Inflationary factors have not had a significant effect on our
operations. We attempt to pass on increased costs and expenses incurred in
our medical products division by increasing selling prices when and where
possible. In our dialysis division, revenue per dialysis treatment is subject
to reimbursement rates established and regulated by the federal government.
These rates do not automatically adjust for inflation.
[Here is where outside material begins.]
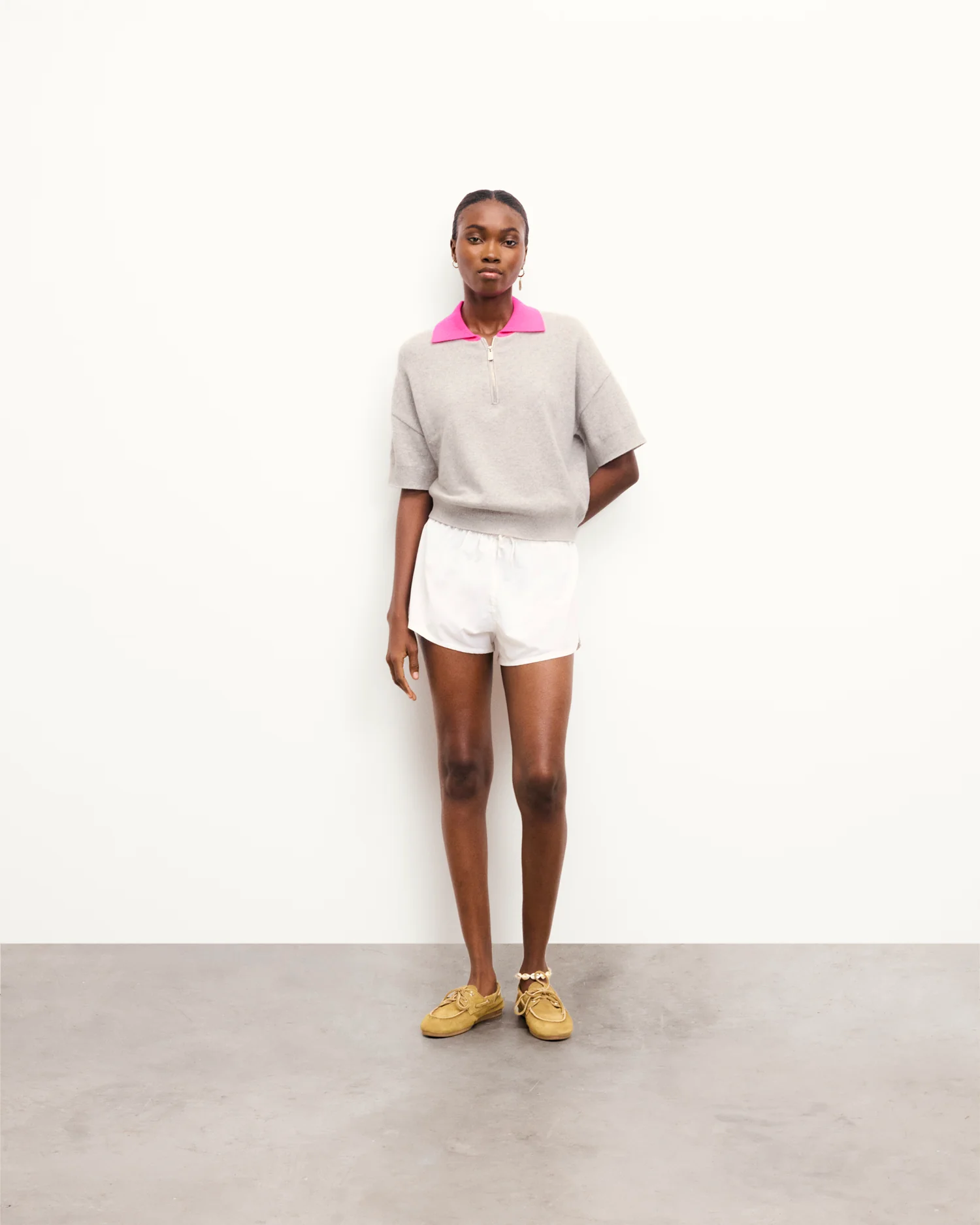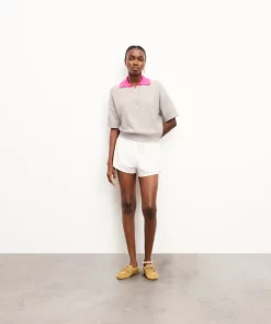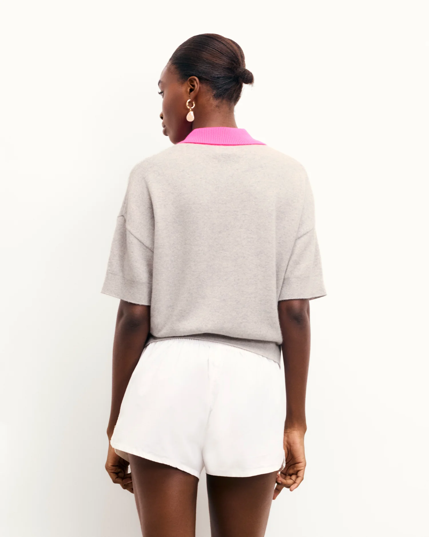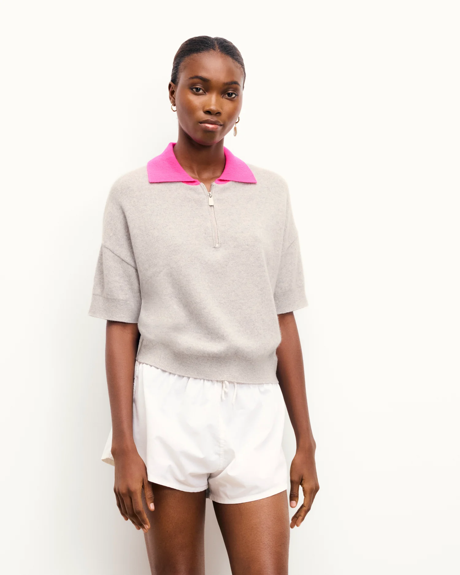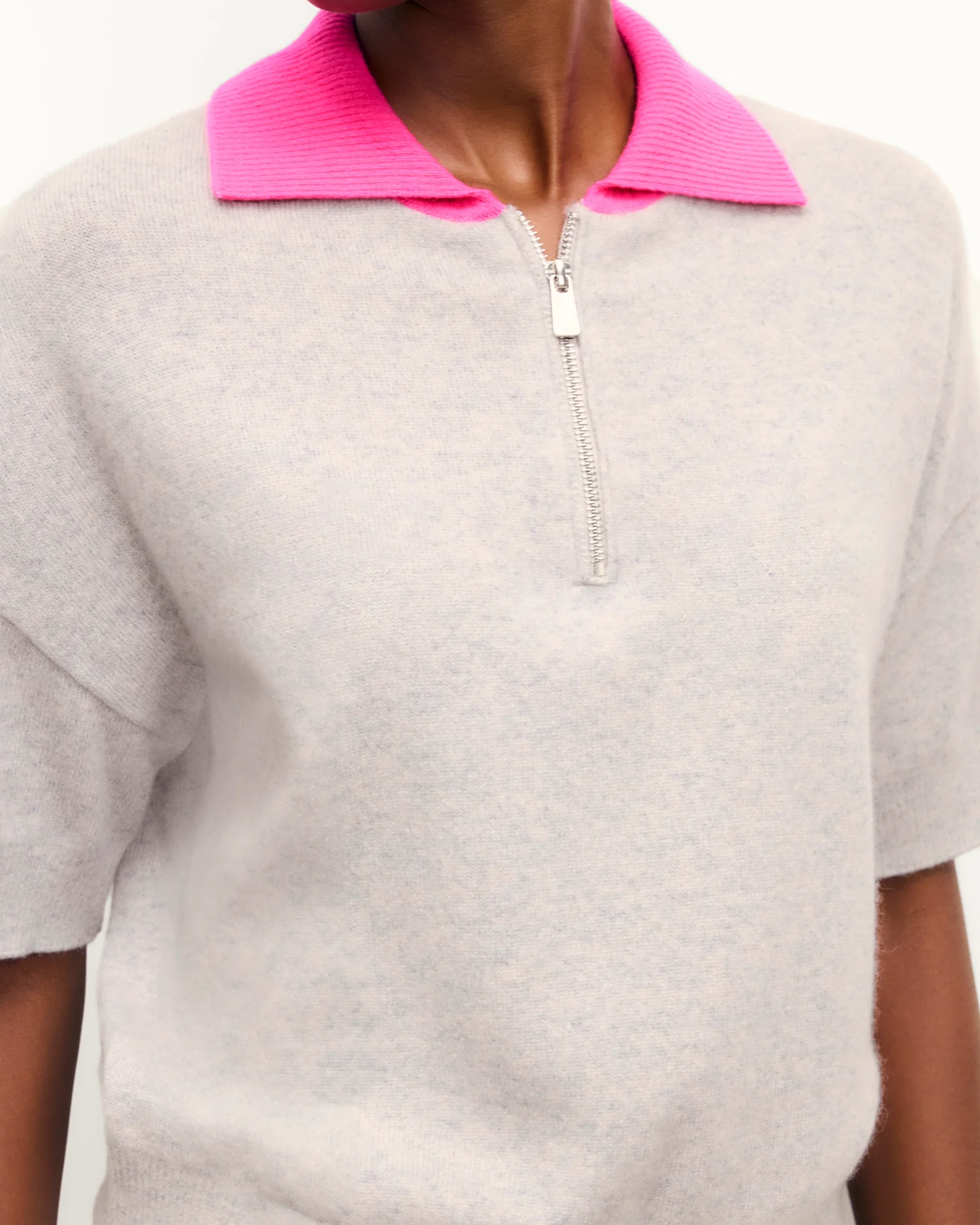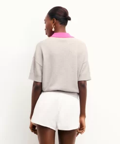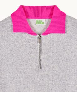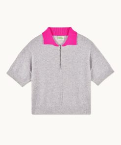 FROMFUTURE Pull Col Polo Manches Courtes Bicolore Gris Chiné Clair | Femme Pulls en cachemire

Any rate adjustments
relate to legislation and executive and Congressional budget demands, and
have little to do with the actual cost of doing business. Therefore, dialysis
services revenues cannot be voluntarily increased to keep pace with increases
in supply costs or nursing and other patient care costs. Increased operating
costs without a corresponding increase in reimbursement rates may adversely
affect Dialysis Corporation of America's and, accordingly, our future
earnings.

Item 3. Quantitative and Qualitative Disclosure About Market Risk

We are exposed to market risks from changes in interest rates. We have
exposure to both rising and falling interest rates.

Sensitivity of results of operations to interest rate risks on our
investments is managed by conservatively investing liquid funds in short-term
government securities and interest bearing accounts at financial institutions
in which we had approximately $6,496,000 invested as of June 30, 2003. A 15%
relative decrease in rates on our period-end investments would result in a
negative annual impact of approximately $2,000 on our results of operations
for the first half of 2003.

We have an interest rate exposure on debt agreements with variable
interest rates of which we had approximately $1,340,000 of such debt
outstanding as of June 30, 2003. A 15% relative increase in interest rates
on our period-end variable rate debt would result in a negative annual impact
of approximately $2,000 on our results of operations for the first half of
2003.

Item 4. Controls and Procedures

As of the end of the period of this quarterly report on Form 10-Q for
the second quarter ended June 30, 2003, management carried out an evaluation,
under the supervision and with the participation of our Chief Executive
Officer and President, and the Vice President of Finance, who is also our
Principal Financial Officer, of the effectiveness of the design and operation
of the company's disclosure controls and procedures pursuant to Rule 13a-15
of the Securities Exchange Act of 1934 (the "Exchange Act"), which disclosure
controls and procedures are designed to ensure that information required to
be disclosed by the company in the reports that it files under the



Exchange Act, as is this quarterly report on Form 10-Q, is recorded,
processed, summarized and reported within required time periods specified by
the SEC's rules and forms. Based upon that evaluation, our Chief Executive
Officer and President and our Vice President of Finance and Principal
Financial Officer concluded that the company's disclosure controls and
procedures are effective in timely alerting them to material information
relating to the company, including its consolidated subsidiaries, required to
be included in the company's periodic SEC filings.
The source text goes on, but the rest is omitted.